Rather than repeating the comments that other noble Lords have made far more eloquently—my noble friend Lord Knight did a beautiful job of setting out the detail on this—I want only to look at what that might mean for a family, because it is very easy for us to consider the policies without understanding the impact on individual families.

I spent some time running a charity that worked with single parents. A lot of the single parents who came through the door would phone up when their world had suddenly fallen apart. Perhaps the husband had left, or something had happened and the marriage or family had broken up. Often, a pattern would follow from that. Usually, the mother would end up with the children. She would often have been working, as would the father. When she had to do the childcare alone she would find that she could not manage it and do the same job, because that simply did not work, so she would often then give up the job. The pattern would be that she would often move to be closer to her own family—perhaps her own mother or father—who would help to share the childcare. Over time, she would rebuild her life and often end up getting a part-time job with childcare and being helped by the family and friends in the neighbourhood. She was usually able to do that only because of tax credits and housing benefit. Suddenly, the family would begin to be back together again.

Imagine what happens to that lone parent in that situation if she suddenly finds that the rent on the family home which she has managed to establish can no longer be met by the local housing allowance. What does she do? The landlord might be kind enough to drop her rent, but what if he does not? She then has two choices. Should she try to stay put and make up the difference, when we already know from Crisis that 48 per cent of people on the local housing allowance already face a shortfall? She might already be trying to top up the rent as it is. Even if the difference is only the £12 a week which the noble Lord, Lord German, mentioned, that is a lot of money to someone on that kind of income. If you shop around, £12 a week can buy a pair of children's shoes or put a lot of food on the children’s table. At that level, £12 a week might simply be beyond her reach; it might as well be £1,200.

What does that lone parent do? Does she decide to move to a different area? In doing so, if she moves from inner to outer London, for example, the children will certainly have to change schools, if they can find a place. In doing that, their schooling is disrupted and they lose contact with their friends. In many cases, the woman loses contact with her family. She might then not be able to travel back to the job. The travel costs might be too great or her own mother cannot mind the children, which means that she cannot risk being late back as she has to be there in time to pick the children up from school. We can end up in a situation where the children's lives have been disrupted, the mother might be forced back on to income support, the family has been fractured and the children will suffer. The consequences are potentially significant.

I do not want to wave a shroud; that is not my intention. I want to try to dismantle a policy from its larger scale to see what the impacts might be on an individual set of families. In fact, the impact assessment makes it very clear what the consequences are of some of that dislocation. It talks about the evidence of what happens to the educational attainment of children who are moved—about the impact on the GCSE points of those who are moved at key stages.
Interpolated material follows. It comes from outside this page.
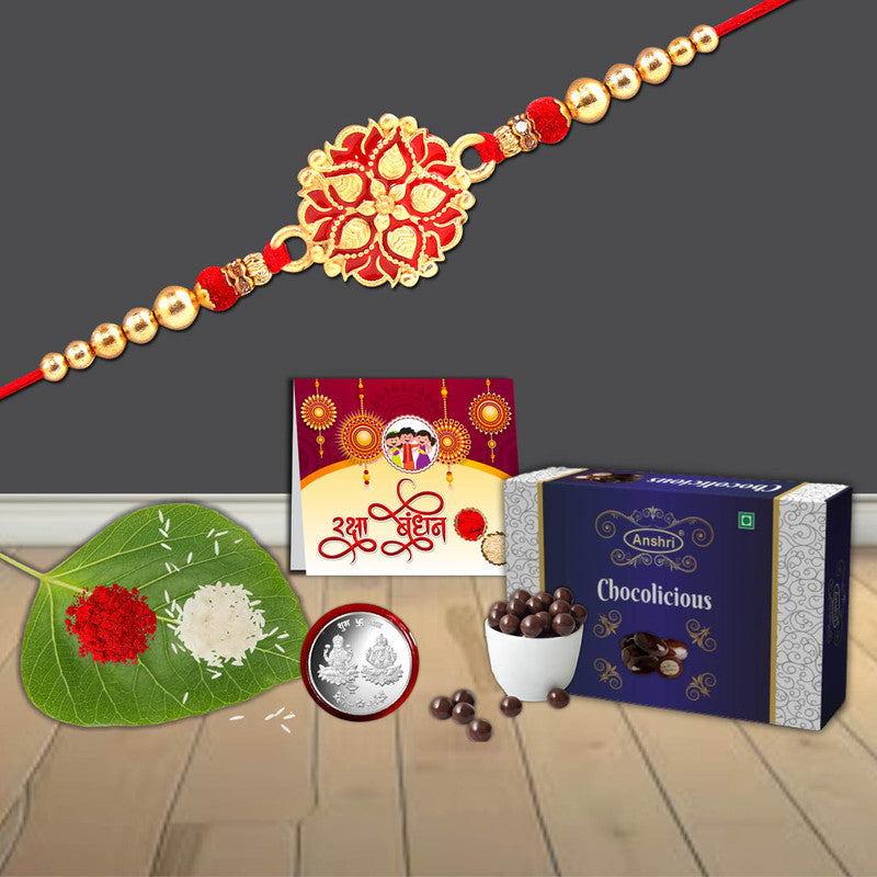 Rakhi for Brother: A stunning Rakhi designed with care, featuring traditional patterns and vibrant colors, symbolizing the love and protection between siblings.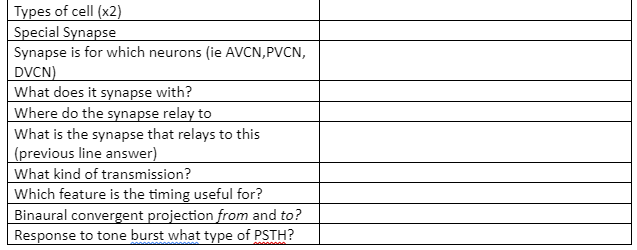 Fill in the graph as it relates to Bushy Cells

It talks about the dangers of overcrowding, because the alternative for our lone parent is to stay put or perhaps to go to a smaller house, squeezing a family into a tiny flat. But then where do the children do their homework, as the impact assessment points out? What are the consequences for that family?

The other issue is the other wider impacts of a choice such as this. What happens to the families who have traditionally lived in a very mixed area, in the way that the right reverend Prelate described? I visit people who live in Islington—I went to a church there—and have always been hugely impressed that in so much of London there are such areas, where rich and poor live side by side. But where do they mix in practice? I remember the vicar of Islington walking me down a street to show me a beautiful Georgian terrace on one side and an interesting and challenging 1960s council block on the other. He said, “You know, the joy is that the people in the Georgian terrace look out on the council block and the people in the council block look out on the Georgian terrace”. The real joy was in fact that their bins were emptied by the same council service, that they went to the same GPs and that they shopped in the same local neighbourhood stores when they needed to. In other words, they shared local services. One thing that has long been observed is that services for poor people become poor services, while one thing about having people in mixed areas is that you have what I think a government Minister memorably described as the sharp-elbowed middle classes, who are there to make sure that those shared services are available to all and are protected and developed.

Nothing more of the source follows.